» WHAT IS EXPECTED
Retype the records below from their first line through the line holding "Set 4 hũ mứt", including both ends and no pictures.

[Records contained in a dataset]
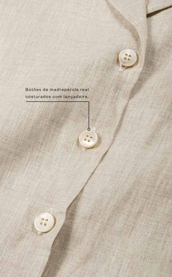 • Botões de madrepérola real costurados com lançadeira. Fixos para sempre!
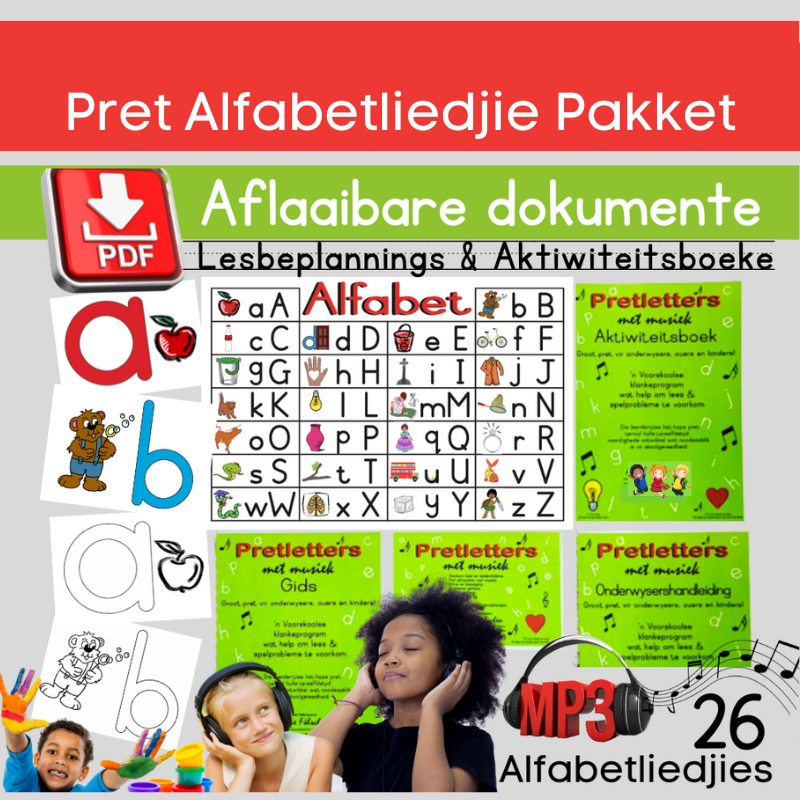 Met die Pretletters Volledige Pakket kry jy alles wat jy nodig het in een praktiese aflaai β geen intekeninge, geen voorbereidingstress, net leer met musiek en plesier
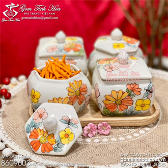 Set 4 hũ mứt tết gốm sứ Bát Tràng cao cấp vẽ hoa đồng nội
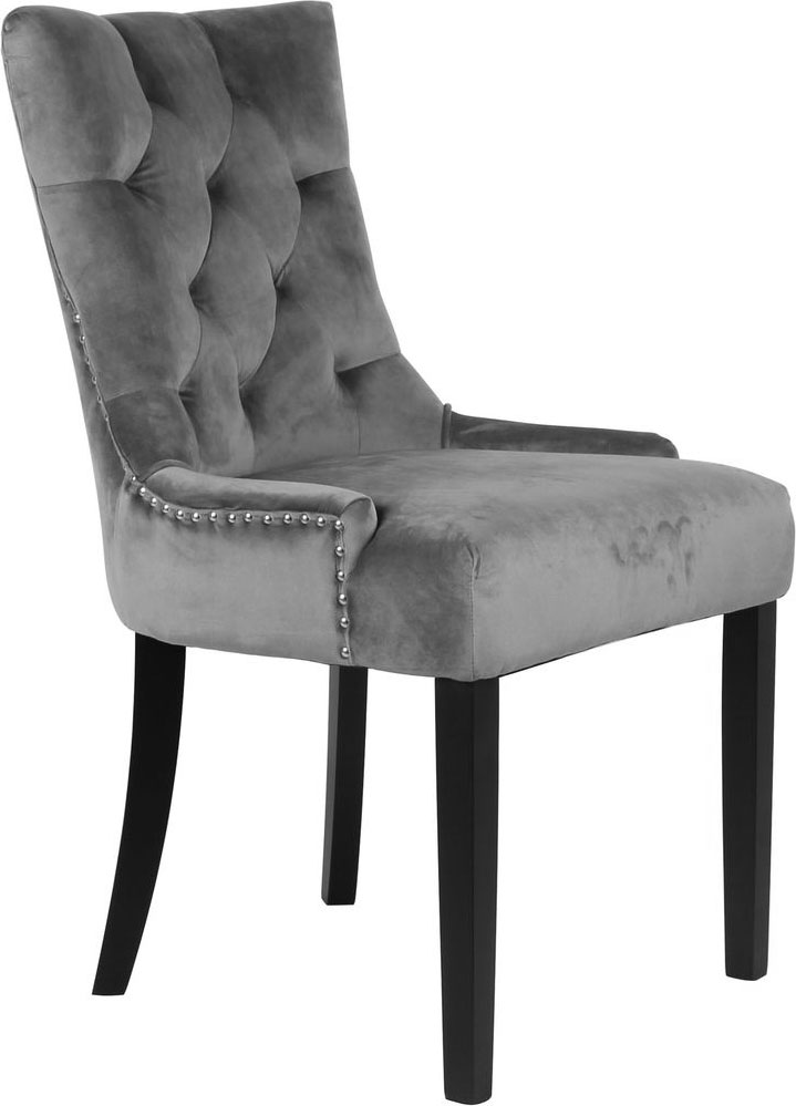 Medföljer gör också 4 st Tuva stolar i ett mjukt grått sammetstyg tyg med kromade nitar och ett rygghandtag som en fräck detalj. Stolen är välarbetad och en av våra mest populära matstolar till Vintage-stilen.
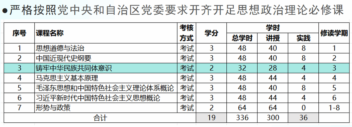 學校嚴格按照黨中央和自治區(qū)黨委要求開齊開足思政必修課。開設了思想道德與法治、中國近現(xiàn)代史綱要、鑄牢中華民族共同體意識、馬克思主義基本原理、毛澤東思想和中國特色社會主義理論體系概論、習近平新時代中國特色社會主義思想概論、形勢與政策等7門課程,共19學分。在教學中,嚴格執(zhí)行學校人才培養(yǎng)方案,保障思想政治理論課的教學時數(shù)。
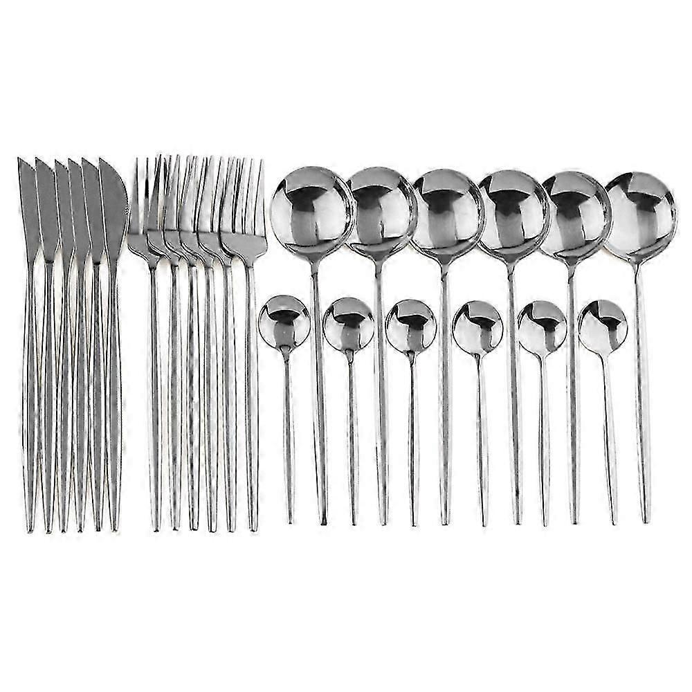 24 Piece Stainless Steel Tableware Sets of Dishes Knifes Spoons Forks Set Cutlery Dinnerware Set Spoon

» FINAL ANSWER
 • Botões de madrepérola real costurados com lançadeira. Fixos para sempre!
 Met die Pretletters Volledige Pakket kry jy alles wat jy nodig het in een praktiese aflaai β geen intekeninge, geen voorbereidingstress, net leer met musiek en plesier
 Set 4 hũ mứt tết gốm sứ Bát Tràng cao cấp vẽ hoa đồng nội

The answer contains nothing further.